= John Egan Moulton =

Australian medical practitioner

John Egan Moulton (2 September 1930 – 21 September 2012) was an Australian medical practitioner. He was Chairman of the NSW Institute of Sports Medicine at Concord Hospital, team doctor of the Australian national rugby union team and Honorary Secretary of the Council of Newington College. He was a Fellow of the Royal College of Surgeons of England and Edinburgh and a Fellow of the Royal Australasian College of Surgeons. Moulton was honoured by his nation with the award of the Medal of the Order of Australia for his "service to surgery and medical education particularly in relation to sports medicine."

==Early life==
Moulton was the son of Kirton Bakewell Moulton and was born in Molong, New South Wales. His early education was in Broken Hill before attending Newington College in 1949. Upon matriculation he went to the University of Sydney and graduated as a Bachelor of Medicine and Surgery in 1954 He was a resident of Wesley College.

==Medical career==
Moulton was in practice as a general surgeon in Auburn, New South Wales. He was a post-graduate teacher of surgical trainees at Concord and Auburn Hospital.

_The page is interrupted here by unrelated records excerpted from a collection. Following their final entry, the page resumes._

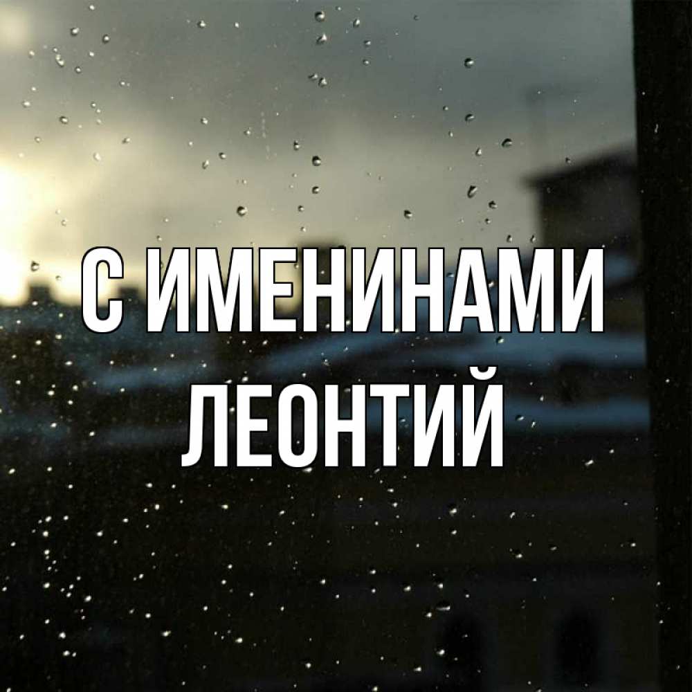 Открытка С именинами Леонтий. дождливо. капли на стекле
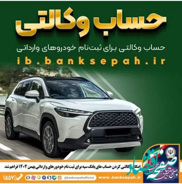 مشتریان گرانقدر بانک سپه میتوانند با وکالتی کردن حساب خود نزد بانک سپه با مبلغ موجودی ۵ میلیارد ریال در طرح ثبت نام خودروهای وارداتی بهمنماه ۱۴۰۴ شرکت کنند.
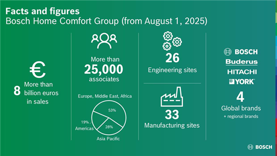 收購完成后,博世舒適科技將成為全球住宅及輕型商業建筑供暖、通風與制冷市場的主要供應商之一,其全球生產基地將從17個增至33個,研發中心數量也將從14個增至26個。整合工作現已正式啟動,預計將在2027年底前完成。
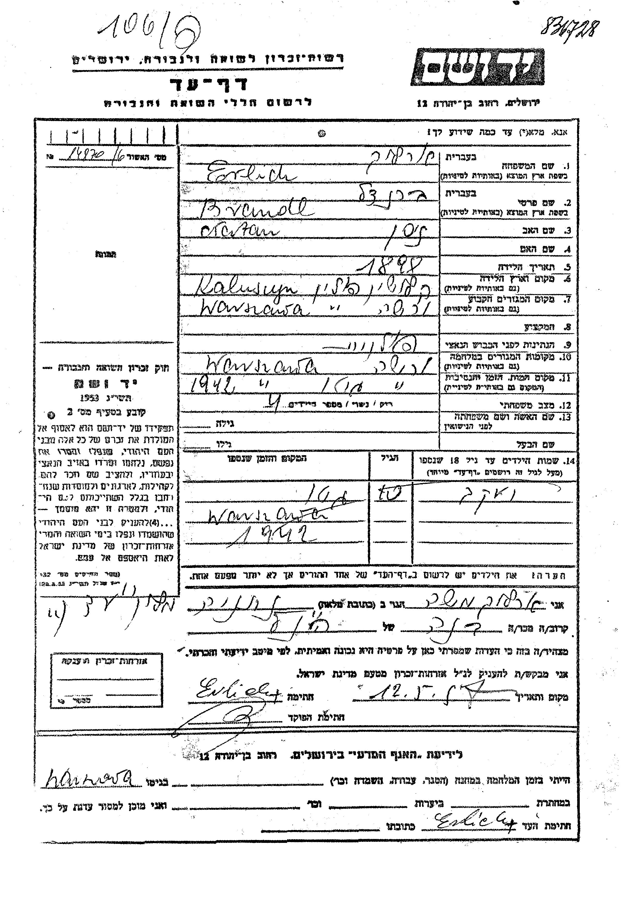 Erlich Yaakov Warszawa, Polen Gedenkblatt
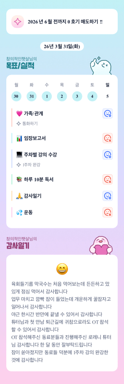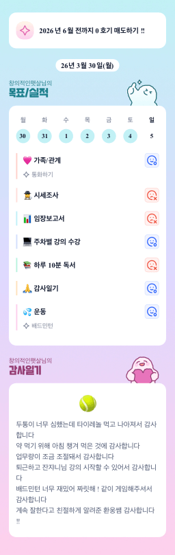 [창의적인햇살] 목실감 누적 202일, 연속 201일 진행중
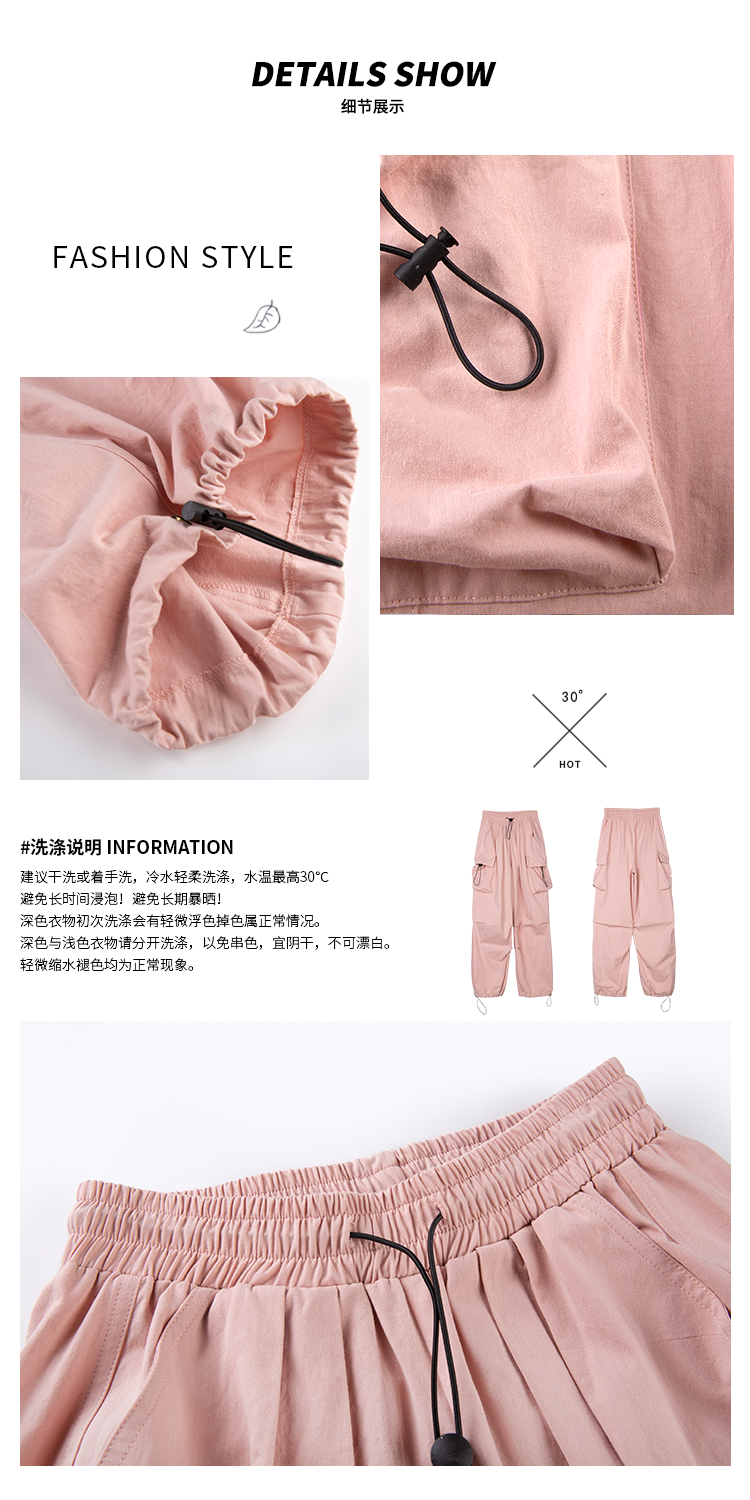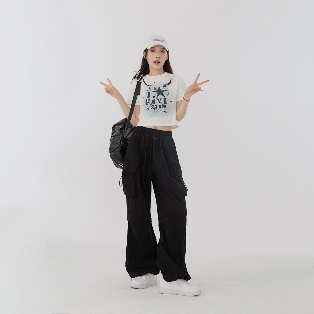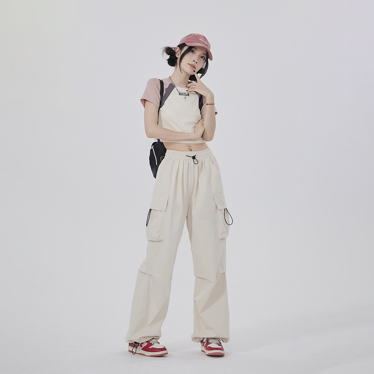 吵吵家工裝休閒褲女夏季高腰寬鬆小個子美式抽繩設計感小眾運動褲

On its establishment in 1994, Moulton was appointed chairman of the NSW Institute of Sports Medicine, a specialist public health facility providing assessment and treatment of sports injuries and a range of sports medicine related services.

==Rugby union==
From 1986 until 1992, Moulton was the medical advisor of the Australian Rugby Union and team doctor of the Wallabies – a period encompassing the 1986 Bledisloe Cup win in New Zealand, the inaugural Rugby World Cup in 1987 and Australia's maiden Rugby World Cup win in 1991. Moulton was a co-author of Guardians of the Game – The History of the New South Wales Rugby Union 1874–2004, published in 2005 by ABC Books and the New South Wales Rugby Union.

==Newington College Council==
In 1994, Moulton was elected by the Synod of New South Wales of the Uniting Church in Australia to the Council of Newington College and in 1998 he became Honorary Secretary of that body.